----- SUPPLIED ENTRIES

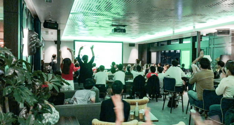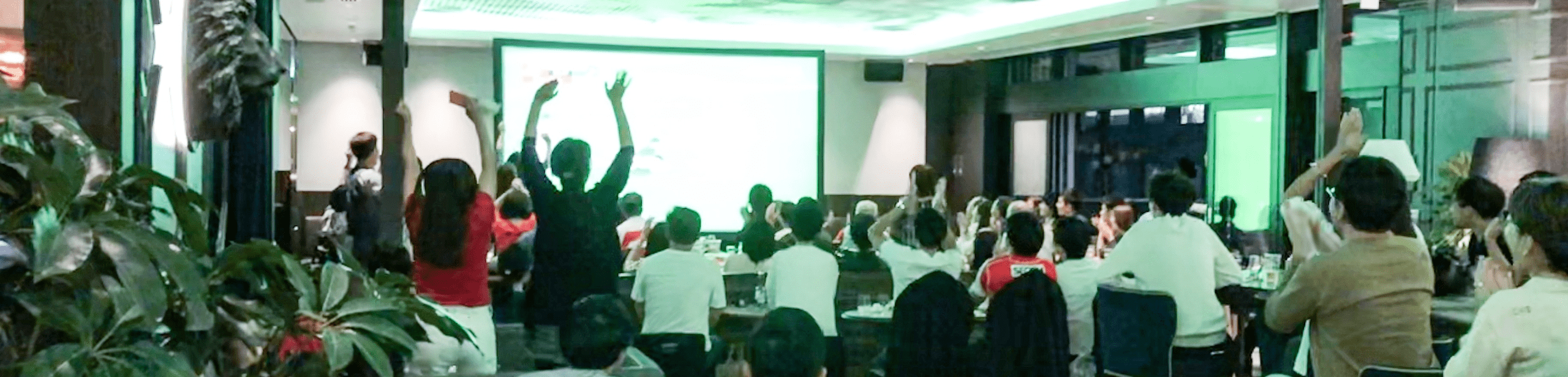 ラウンジ内にある120インチのスクリーンで、さまざまなクリエイターによる作品を放映。
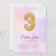 Mágico! O nosso adorável convite para o algodão doce a aquarela apresenta um balão de folha de ouro nº 3 pintado à mão com um equilíbrio de tipografia cursiva e sans serif. Esta design é perfeitamente personalizável e é perfeita para as suas filhas de terceira idade.
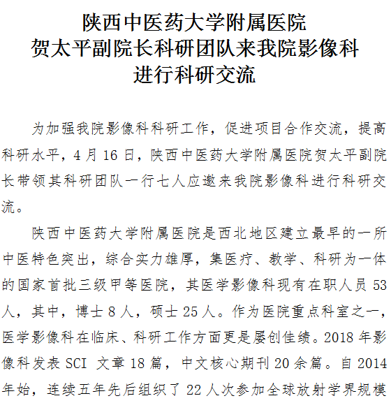 陕西中医药大学附属医院贺太平副院长科研团队来21点游戏攻略站 影像科进行科研交流
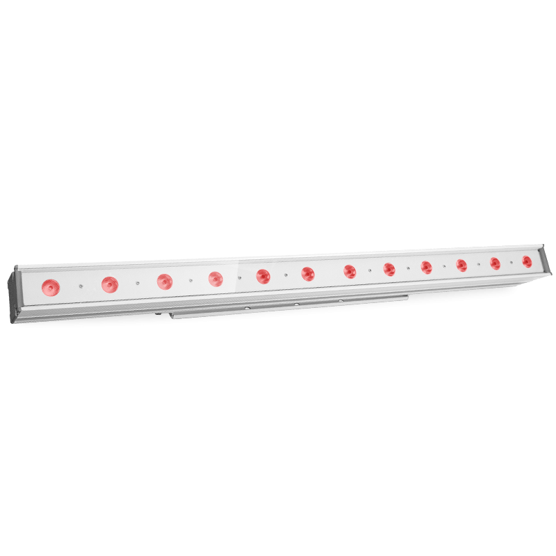 ARC COLOR Wash 124 RGBW светодиодный линейный всепогодный прожектор для архитектурной подсветки фасадов зданий, карнизов, колонн, декоративного освещения мостов, переходов, туннелей, цветной заливки рекламных щитов и других поверхностей. Расширенный цветовой диапазон. Может работать как в статичном, так и в динамическом режиме. В качестве вторичной оптики ARC Color Wash 124 RGBW, используются линзы Френеля с углом раскрытия от 10° до 60° (определяется при заказе), обеспечивающие превосходное смешение цветов и равномерный световой поток. Прибор выполнен в корпусе из анодированного алюминия, с каленым защитным стеклом и качественной фурнитурой из нержавеющей стали. Прожектор комплектуются двумя поворотными кронштейнами, обеспечивающими регулировку угла наклона от 0 до 180°. В качестве дополнительных опций корпус прибора может быть окрашен порошковой краской, а также обеспечена возможность подключения шлейфом.
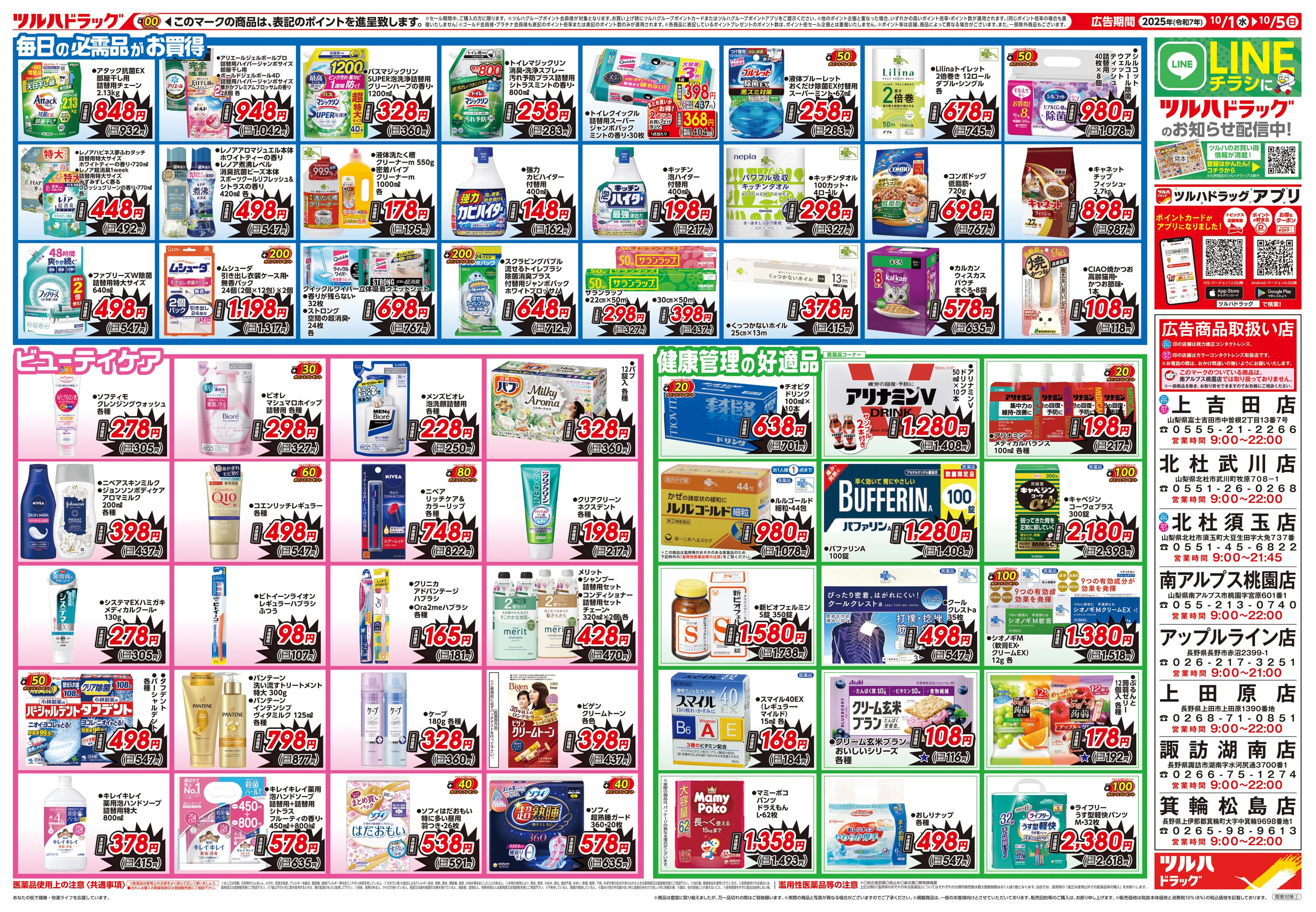 ツルハドラッグ北杜武川店今週のチラシ(2025年9月29日〜10月5日)
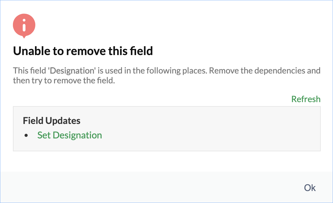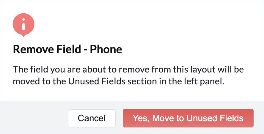 - In the confirmation message, click Yes, Move to Unused Fields.
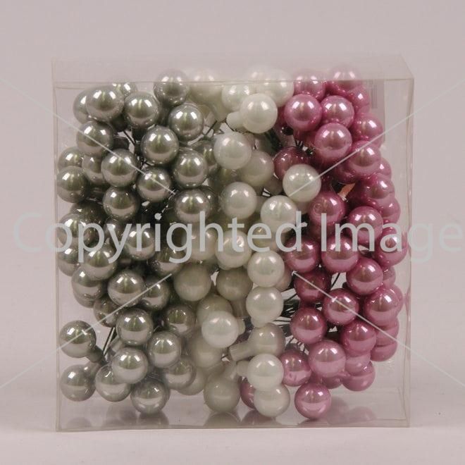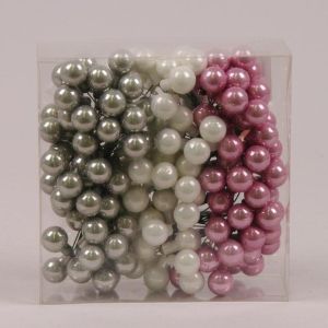 Кульки скляні 1,5 см. рожево-сірі-білі (12 пучків-144 кульки)

----------

* EXERCISE DETAILS
Pictures are to be left out; the rest of the listing should be printed exactly.

* EXPECTED OUTPUT
 ラウンジ内にある120インチのスクリーンで、さまざまなクリエイターによる作品を放映。
 Mágico! O nosso adorável convite para o algodão doce a aquarela apresenta um balão de folha de ouro nº 3 pintado à mão com um equilíbrio de tipografia cursiva e sans serif. Esta design é perfeitamente personalizável e é perfeita para as suas filhas de terceira idade.
 陕西中医药大学附属医院贺太平副院长科研团队来21点游戏攻略站 影像科进行科研交流
 ARC COLOR Wash 124 RGBW светодиодный линейный всепогодный прожектор для архитектурной подсветки фасадов зданий, карнизов, колонн, декоративного освещения мостов, переходов, туннелей, цветной заливки рекламных щитов и других поверхностей. Расширенный цветовой диапазон. Может работать как в статичном, так и в динамическом режиме. В качестве вторичной оптики ARC Color Wash 124 RGBW, используются линзы Френеля с углом раскрытия от 10° до 60° (определяется при заказе), обеспечивающие превосходное смешение цветов и равномерный световой поток. Прибор выполнен в корпусе из анодированного алюминия, с каленым защитным стеклом и качественной фурнитурой из нержавеющей стали. Прожектор комплектуются двумя поворотными кронштейнами, обеспечивающими регулировку угла наклона от 0 до 180°. В качестве дополнительных опций корпус прибора может быть окрашен порошковой краской, а также обеспечена возможность подключения шлейфом.
 ツルハドラッグ北杜武川店今週のチラシ(2025年9月29日〜10月5日)
 - In the confirmation message, click Yes, Move to Unused Fields.
 Кульки скляні 1,5 см. рожево-сірі-білі (12 пучків-144 кульки)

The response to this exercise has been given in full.